An investigation by Daily Trust has revealed that graduates of medical and other allied health courses are increasingly finding it difficult to secure placement for housemanship (as house officers), internship, as well as residency training programmes in hospitals.
The graduates include those who read Medicine, Pharmacy, Medical Laboratory Science, Nursing, Physiotherapy and Radiography, to mention a few.
But some health facilities said the graduates were the architects of their problems because they always want to be posted to certain places.
Findings revealed that public hospitals and hospital management boards have few spaces and slots yearly, compared to the number of applicants.
Therefore, many of the applicants have to rely on connections to highly placed or influential persons or resort to bribing officials to secure placement.
The challenges in securing placement often leave many of them frustrated and struggling for years, thus missing other employment and academic opportunities.
While the now central placement of doctors for housemanship by the Medical and Dental Council of Nigeria (MDCN) has helped, when compared to previous years, doctors are still having difficulties securing placement for housemanship because of limited spaces and waiting time for posting, among other issues.
Pharmacists and other young allied medical and health practitioners have also called for central placement by their regulatory councils to alleviate their suffering.
In Kano, graduates of medical and allied courses have joined their colleagues in other states to lament the difficulties currently encountered in securing spaces for housemanship, residency and internship programmes.
There are four hospitals accredited to take interns in Kano: Aminu Kano Teaching Hospital (AKTH), National Orthopaedic Hospital, Dala; Murtala Muhammad Specialist Hospital and Muhammed Wase (Nasarawa) Specialist Hospital.
Halima Jacob, a pharmacist who has applied to two federal hospitals and participated in the examination conducted by the AKTH, has not gotten any word from any of the facilities.
“I have applied to 9 hospitals across Nigeria, including the AKTH and Dala in Kano.
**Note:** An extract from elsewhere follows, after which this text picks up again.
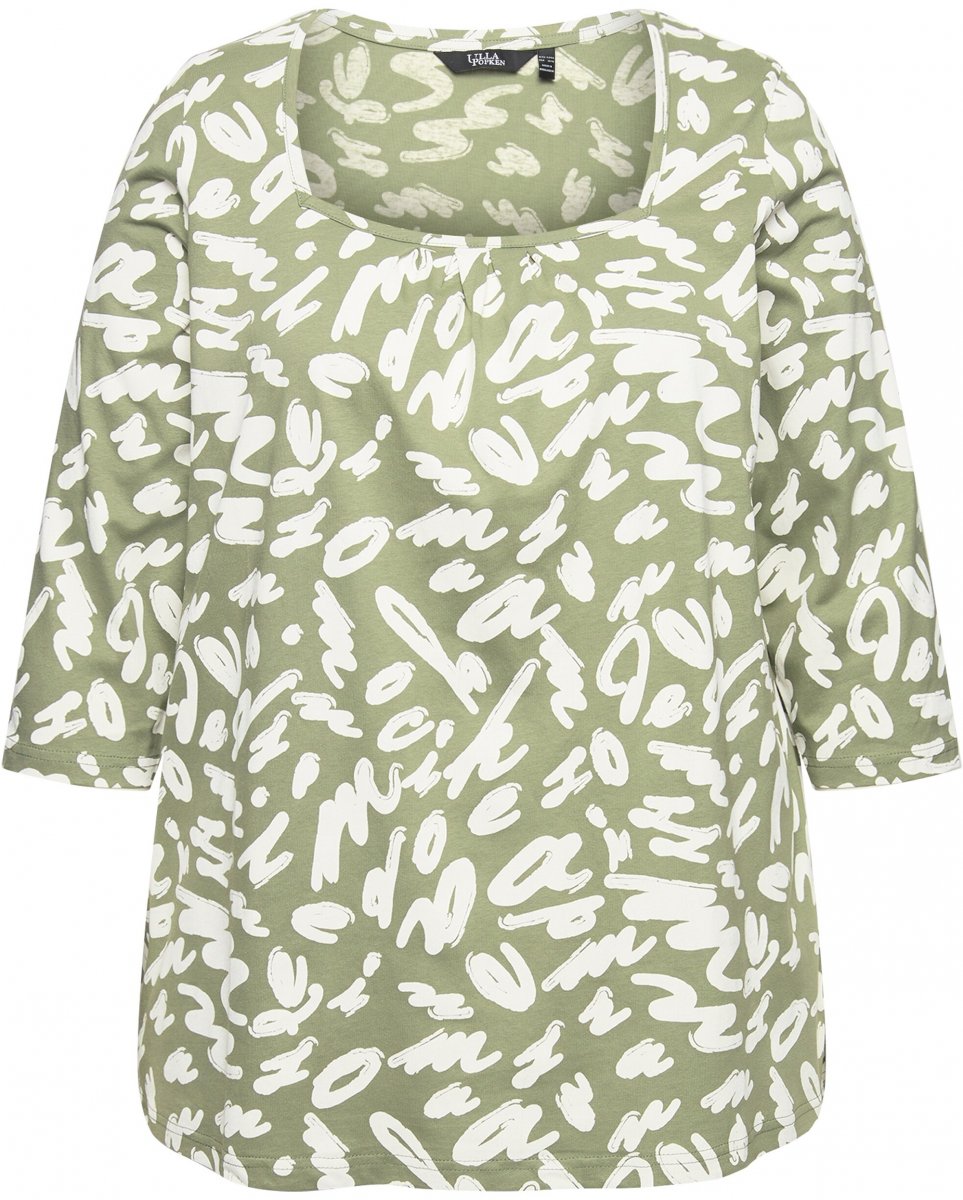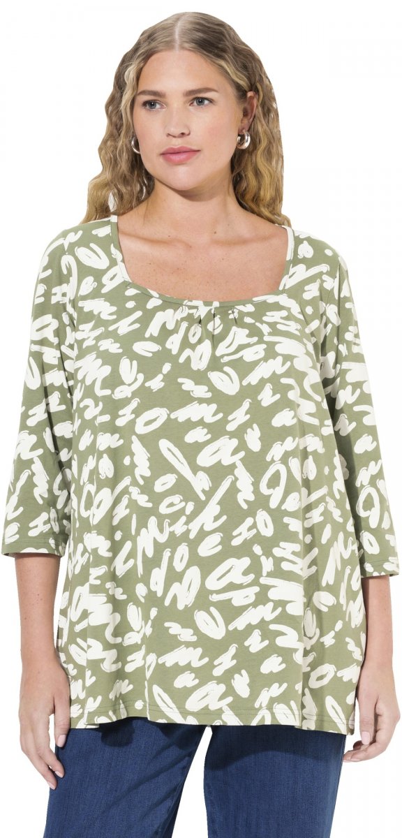 Storleksguide - Ulla Popken Scribble Print Square Neck 3/4 Sleeve Tee Sage Green

I have not applied to Murtala and Nasarawa because theirs is done through the Hospital Management Board and the strike action prevented me from getting the departmental signature needed on the form, so I have not submitted it.
“I have gone to Abuja, Kaduna and Keffi in Nasarawa State, and in all, I have discovered that only those with connection – either by knowing someone in high places or those ready to grease the hands of the officials – have been considered.
“However, in Kaduna, Barau Dikko Specialist Hospital is willing to take interns but they told us that they don’t pay. So, you see, those that won’t pay you are eager to take you in, but those that will give you some little allowances have become the hot cake,” she said.
She appealed to the federal government to “consider adopting the National Youth Service Corps (NYSC) approach, where they will ask our schools to send our names to the Pharmacy Council of Nigeria (PCN), which will then post us to these hospitals. With that, I believe this problem can be addressed.”
Also speaking with our reporter, a student of Physiotherapy who asked not to be named said she applied in three different places but had to give bribe before being enrolled.
“This is my second month. You know how the system is – even right from school admission one has to give something (buy or give out bribe) before one gets what one wants.
“In my case, I had to dole out N50, 000 before I got enrolled in the place of my choice. They will tell you it’s closed or full. Honestly, everywhere you go to, people are booking ahead of time while the people there also have their own people they want to bring. It is challenging,” she said.
Efforts to contact the authorities in Murtala Muhammad and Abdullahi Wase Specialist hospitals, the Kano branch of the Nigeria Medical Association (NMA), were not successful as calls put across to the Chief Medical Directors were not attended to.
Also, the public relations officer of the Kano Hospital Management Board promised to enquire about the issue and get back to our correspondent. He has not done so at the time of filing this report.
In Rivers State, a medical doctor, Nonso Okiti, said people who were lucky to get placement were those who have people in top positions and others who could bribe their way through.
He said, “I had difficulty securing a place for housemanship, so I had to use one contact or another to get placement. To succeed, you must have someone at the top management level. Some people go as far as bribing their way through. The placement is carried out by the MDCN and it is very competitive. It is a matter of who knows who. That is the situation. I have to work very hard to get placement.”
Another allied medical science student said she had tried severally to get placement but could not succeed.
The student, who pleaded anonymity said, “It is not an easy task to get placement for housemanship and internship. In Nigeria everything ends up with who knows who or if you have the resources to bribe your way through. The people that have connection at the top scale through easily while others have to bribe their way to be considered; I don’t know anybody and I have no money to bribe anybody, so I have to rely on God to succeed,” she said.
At the University of Port Harcourt Teaching Hospital (UPTH), our correspondent could not get the number of persons on internship.
The hospital’s public relation officer, Meni said it was the responsibility of the MDCN to place doctors on housemanship.